Uncertainty about the reopening of offices seems to be slowing demand for loans from commercial real estate developers, which is normally a lucrative source of credit. Other reliable sources of borrowing have also slowed: Auto dealers that take out loans to keep their stocks in stock aren’t borrowing much because supply chain bottlenecks outweigh. automobile production.

Banks have acknowledged their struggle to find attractive ways to distribute their deposits.

Shares of Bank of America stumbled last month after reporting gains that disappointed investors, in part due to a slower-than-expected recovery in loan balances. When asked about a profitable area where loan balances fell — the high-interest credit card balances people don’t pay off each month — Brian Moynihan, CEO of Bank of America, simply explained the decline.

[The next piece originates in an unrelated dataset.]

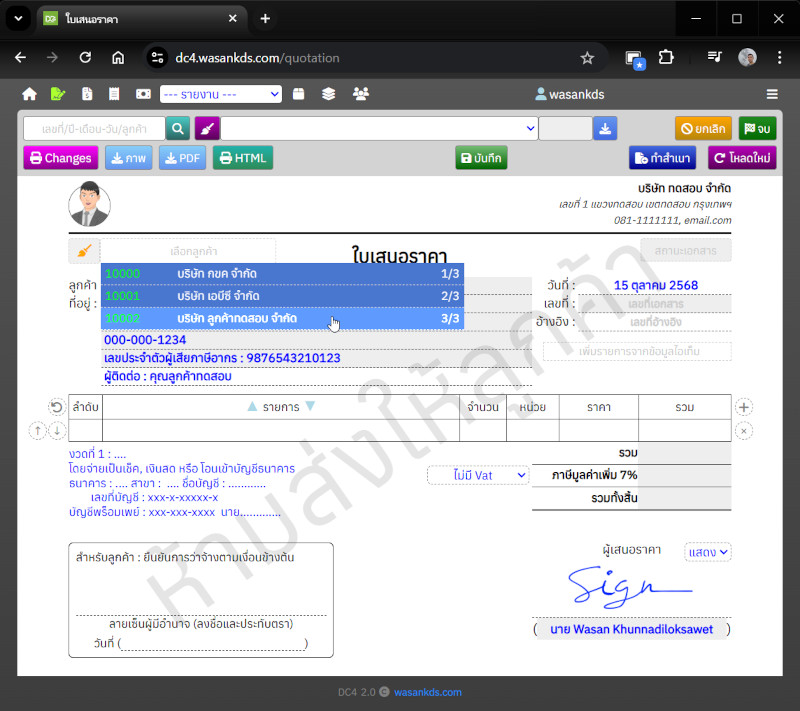 3.) สามารถเลือกลูกค้าจากฐานข้อมูล หรือพิมพ์เองก็ได้

“They just have more cash,” he said. “And so they paid off their credit cards, which is something they are fully responsible for.”

It was a common refrain. Wells Fargo experienced a decline in business loans in the second quarter and said its customers “continue to have a high level of cash on hand.”

Michael Santomassimo, head of finance at Wells Fargo, told analysts that there are “green shoots” in some sectors, but that overall “demand has not recovered yet”.

M&T Bank, a Buffalo-based lender focused on the Northeast and Mid-Atlantic States, had fewer loans on its books at the end of the quarter as the bank struggled to find profitable places to put money.

“Customer deposits are at all-time highs and have grown faster than our ability to place them in assets,” Darren J. King, the bank’s chief financial officer, told analysts.

And so banks turned to government bonds, where interest rates had been low for more than a decade. When the yield on the 10-year Treasury bond briefly rose to 1.75 percent in March and April, higher yield-hungry banks rushed to buy them – a mess that helps explain why the rise in interest rates didn’t last.

Bond yields move in the opposite direction of bond prices and banks will continue to buy bonds unless they have better alternatives. And that may help limit odds for a while.

“That’s one of the things that keeps rates low,” said Gennadiy Goldberg, senior analyst who covers the government bond market at TD Securities in New York.

The dynamics are unlikely to change until companies and entrepreneurs have a better sense of certainty about future economic conditions, something the Delta variant currently hinders by making it harder to predict the flow of goods to manufacturers and the flow of workers back to work.

Barclays analyst Mr Goldberg said companies are definitely looking to invest more. “But given the supply chain constraints and the difficulty of finding skilled workers, I think, they have been slow to put that money to work.”